La mujer inclinaba su cabeza, vencida de cansancio. Se escuchaba, lejano, el ladrido del perro. Muchas horas debieron pasar, muchas, porque el tiempo ya era un dolor muy viejo, alguna cicatriz del hombre mientras vagaba por la tierra.
La mujer acarició la mano de su compañero: deslizó sus dedos por la piel áspera curtida por el sol. Pensaba que a veces su hombre era como un chico. Lo acarició suave, lentamente, como cuando estaban junto al río.
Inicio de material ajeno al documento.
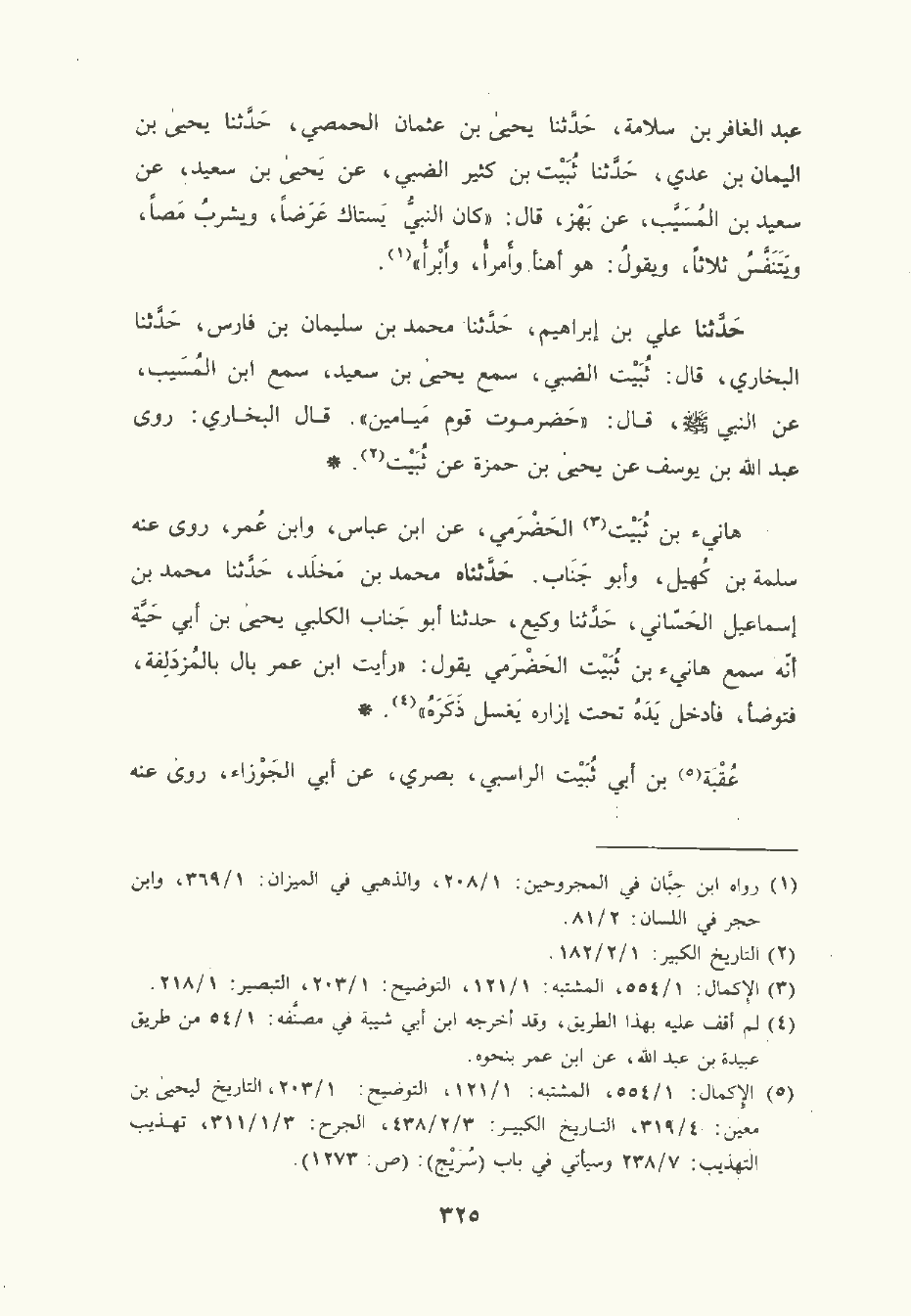 حَدَّثَنا علي بن إبراهيم , حَدَّثَنا مُحمَّد بن سُلَيمان بن فارس , حَدَّثَنا البُخَاري قال: ثُبَيت الضَّبِيّ سمع يَحْيى بن سَعِيد سمع ابن المسيب , عن النَّبِيّ صلى الله عليه وسلم قال: حضرموت قوم ميامين. قال البُخَاري: رَوَى عَبد الله بن يُوسُف , عن يَحْيى بن حَمْزة , عن ثُبَيْت.

–Ya falta poco –lo alentó.
Otra vez el chico regresó a su sueño: regresaba a los grandes árboles y al estampido de las escopetas de los cazadores, a un vuelo fugitivo de martinetas y a un chillido de pájaros. Lo despertó el ladrido del perro. Lo vio trotar, detrás del carro. Extendió sus brazos y silbó. El perro, de un salto, estuvo junto al chico. Sin fuerzas, jugaron igual que cuando corrían por el monte. Pero un gran cansancio subía de la tierra. Pronto terminaron de jugar. El chico se adormecía, otra vez, pese a los barquinazos. El pero se echó boca arriba, como esperando lluvia. Pero la lluvia no llegó. Pasaron bajo los nubarrones grises, sin esperanza.
–Maldita tierra –repitió el hombre.
–Ya falta poco –lo alentó la mujer.
A lo lejos surgieron unos barrancones rojos, tierra alzada de sed, moles de arcilla semejantes a la cresta de algún gallo gigante. El hombre no reparó en ellas. Observó al chico dormido, al perro boca arriba.
–Ojalá que aguante –dijo el hombre mirando al caballo que avanzaba ciego, sin necesidad de las riendas.
Los ojos se cansaban de mirar lo mismo. El carro parecía detenido en un punto fijo de esa nada, de un círculo eternamente repetido, rodando de pereza por el tiempo. Pero avanzaba, lento, como la esperanza del hombre, hacia los altos álamos del valle.